I seem to remember that Haskell supports both, but the second version is
the main form, used in the prelude. Perhaps FriCAS should also support
both forms but since FriCAS is all about mathematics then it should
differ in this respect and the mathematical form should be the main form.
>> For me the most important thing is to optimise for simple and
readable code
>> rather than optimising for performance. Perhaps if Fricas were
simplified it
>> would be easier to move to a better type system. In fact I have
issues with
>> all this diminishing returns performance optimisation. If things
could be
>> made simpler perhaps Fricas could be built on top of other languages
than
>> Lisp. I thought Krystian s project might move things in that direction?
>
> Waldek has this plan that the compiler should be written in Spad,
> so targeting other languages is a matter of new code generator and
runtime.
> That is a far far goal though.
Is it?
I did some experiments to compile the interpreter boot code
(src/interp/*.boot) using a more conventional compiler:
https://github.com/martinbaker/fricas2aldor
I guess Waldek would just modify the existing compilers? but I find them
far too messy to work with.
I managed to compile this boot code to an Abstract Syntax Tree (AST) I
then wrote a code generator to write AST back to boot code. This code
was different from the original (because the AST does not store format
information) but when I compiled to Lisp the code generated was
identical - all lines (except those starting with ';') were identical.
So I am sure my AST contains all the information from the boot files.
Its then not difficult to generate SPAD or Aldor or any other language
from this AST. But the problems are:
1) how to handle global variables, especially dynamic variables. I think
each function would have to have an additional parameter to pass around
the runtime values of these dynamic variables.

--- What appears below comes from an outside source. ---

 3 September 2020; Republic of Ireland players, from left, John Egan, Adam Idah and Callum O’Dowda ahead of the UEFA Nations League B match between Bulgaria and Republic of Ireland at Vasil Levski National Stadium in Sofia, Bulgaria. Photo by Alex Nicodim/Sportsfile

2) The boot 'where' keword seems to hold inner fuctions and variables.
How should inner functions be converted to SPAD? SPAD has lambdas but
can SPAD lambda capture variables (closures)?
3) The native Lisp code would have to be translated by hand, to handle
input/output to console, files and database (which would be different
for each language).
Perhaps another option would be to just translate boot to SPAD manually
but that's hard because Boot/Lisp passes everything around in global
variables whereas well written SPAD should encapsulate information in
domains. This means you cant just translate one function at a time and
check if it works before going on to the next.

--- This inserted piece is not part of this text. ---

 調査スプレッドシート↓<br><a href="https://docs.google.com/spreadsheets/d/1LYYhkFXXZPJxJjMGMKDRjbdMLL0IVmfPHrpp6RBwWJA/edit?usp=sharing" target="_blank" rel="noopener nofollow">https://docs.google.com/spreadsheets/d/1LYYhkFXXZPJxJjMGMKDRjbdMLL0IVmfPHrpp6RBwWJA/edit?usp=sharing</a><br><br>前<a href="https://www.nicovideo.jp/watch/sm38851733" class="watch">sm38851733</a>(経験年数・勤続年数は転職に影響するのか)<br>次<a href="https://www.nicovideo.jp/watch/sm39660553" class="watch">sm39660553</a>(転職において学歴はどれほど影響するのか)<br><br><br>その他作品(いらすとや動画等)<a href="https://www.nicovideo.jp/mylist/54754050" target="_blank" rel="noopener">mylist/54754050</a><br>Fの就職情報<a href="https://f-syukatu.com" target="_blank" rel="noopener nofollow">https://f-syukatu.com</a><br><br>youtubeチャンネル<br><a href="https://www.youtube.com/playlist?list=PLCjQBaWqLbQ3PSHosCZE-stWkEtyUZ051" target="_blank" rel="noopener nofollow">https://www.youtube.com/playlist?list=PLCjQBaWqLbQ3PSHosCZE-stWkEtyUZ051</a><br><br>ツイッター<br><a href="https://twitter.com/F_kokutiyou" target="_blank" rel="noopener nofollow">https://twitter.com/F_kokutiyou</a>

> Yes. Common Lisp can do parallel computing but it's not standardized.
> I think provide a parallel version "map" solves 50% problems.
I get the impression that Waldek will not make any changes to library
code that is not supported by all Lisps? Is that correct? I get the
impression there is a lot of natural parallelism in mathematical code,
for instance: vectors, would 'map' make use of all of that?